Elisabeth Hébérard, Présidente du G.A.R.A. (Groupe Alésien de Recherche Archéologique a donné une conférence sur les « Modes barbares du V au VII ème siècle 

C’est devant un auditoire attentif et intéressé qu’Elisabeth Hébérard, Présidente du G.A.R.A. (Groupe Alésien de Recherche Archéologique a donné une conférence sur les « Modes barbares du V au VII ème siècle ». Elle évoque le contexte événementiel, la difficulté de l’Empire Romain à contrôler l’étendue de ses frontières, l’enrôlement dans l’armée de contingents d’origines ethniques différentes, le partage de l’Empire en zones Occidentale et Orientale.

Le phénomène de pénétration de groupes germaniques et autres, forçant le limes, (frontière entre l’empire romain et le monde barbare, tel qu’il était conçu par les Romains : à savoir, tous les peuples ne parlant ni grec, ni latin), ces Barbares (Germains, Vandales, Francs, Suèves, Burgondes, Wisigoths…), en quête de mieux vivre, souhaitent gravir l’échelle sociale. Ces nouvelles présences arrivent avec leurs signes identitaires, leur langue, leurs lois, leurs croyances.

Sur notre territoire, certains oppida réoccupés, grottes-refuges, unités agricoles, vestiges de lieux de culte ou funéraires, ont livré du mobilier témoignant de ces nouveaux apports,

  • Têtes de fibules ou d’épingle, boucles et plaques boucles de ceinture montrent des techniques artisanales d’orfèvrerie telles que les émaux cloisonnés, les pierres précieuses montées en bâtes et le métal au repoussé, autant de pratiques se rapportant à l’Art des steppes orientales, à ses motifs zoomorphes stylisés et fantastiques.

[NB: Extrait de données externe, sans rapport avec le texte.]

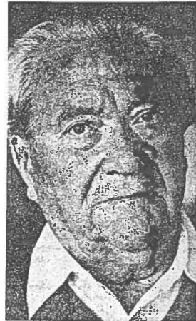
Humanist und homme de lettres: Carlo Schmid wäre heute 95 Jahre alt geworden.

Der ehemalige Mannheimer SPD-Bundestagsabgeordnete und Verfassungsrechtler wäre jetzt 95 Jahre alt

Ces parures, indices de rang social, étaient associées à des coiffures et à un habillement « barbare » différent de la toge et du drapé romain : port de robe ou tunique à manches, de manteau cape, de fourrure, de cheveux longs !

  • Dans le domaine de la vaisselle, les plats, les mortiers, les oules et les amphores importées témoignent d’habitudes culinaires méditerranéennes et d’une production céramique caractérisée par des bords déjetés, des argiles brunes, grises ou orangées, des décors estampés, des revêtements d’engobe. Une conférence émaillée d’un diaporama de cartes, de dessins et d’objets forts intéressant.

Elisabeth Heberard a su emmener son public par sa connaissance pointue du sujet et l’aisance avec laquelle elle partage sa passion, permet à chacun de mieux comprendre notre histoire.